## TASK DIRECTIONS:
Word for word, restate the listing; omit the pictures.

## DATA EXCERPT:
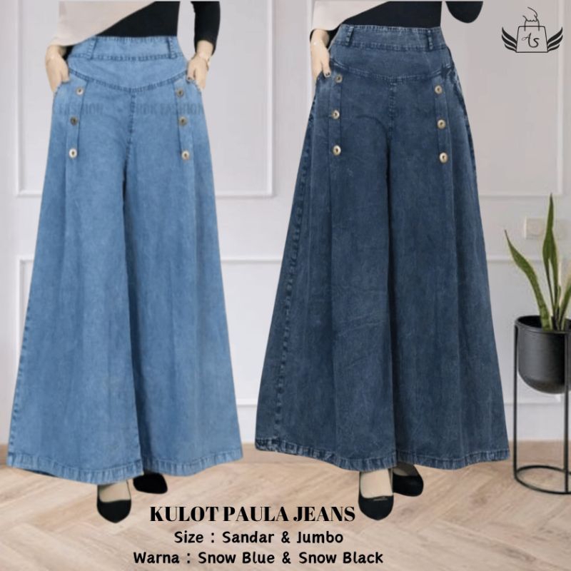 Celana Kulot Paula Jumbo Snow Palazzo/Kulot Payung Jeans Wanita
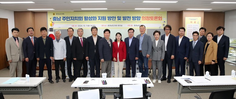 [충남 세계타임즈=백택기 기자] 충남도의회는 7일 도의회 회의실에서 ‘충남 주민자치회 활성화 지원 방안 및 발전 방향’을 주제로 의정토론회를 개최했다.
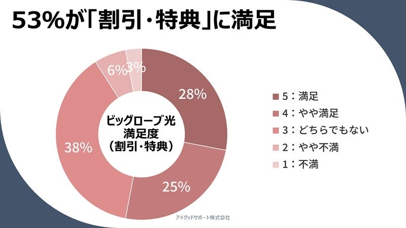 53%がビッグローブ光の「割引・特典」に満足
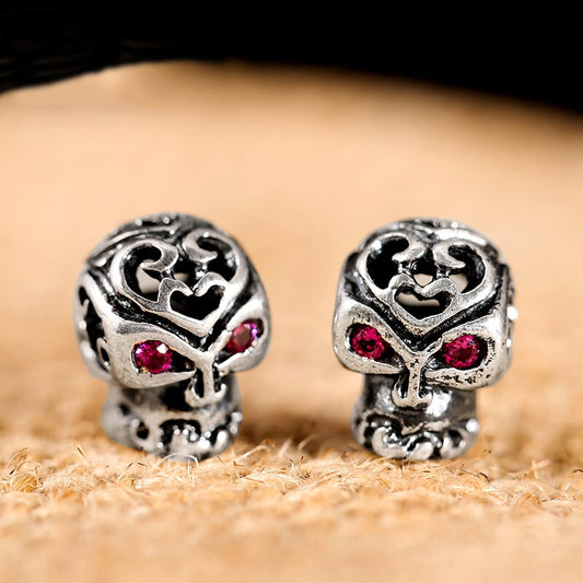 Skull with Cubic Zirconia Pink Eyes 925 Sterling Silver Vintage Hip-hop Punk Stud Earrings

## FINISHED EXERCISE:
 Celana Kulot Paula Jumbo Snow Palazzo/Kulot Payung Jeans Wanita
 [충남 세계타임즈=백택기 기자] 충남도의회는 7일 도의회 회의실에서 ‘충남 주민자치회 활성화 지원 방안 및 발전 방향’을 주제로 의정토론회를 개최했다.
 53%がビッグローブ光の「割引・特典」に満足
 Skull with Cubic Zirconia Pink Eyes 925 Sterling Silver Vintage Hip-hop Punk Stud Earrings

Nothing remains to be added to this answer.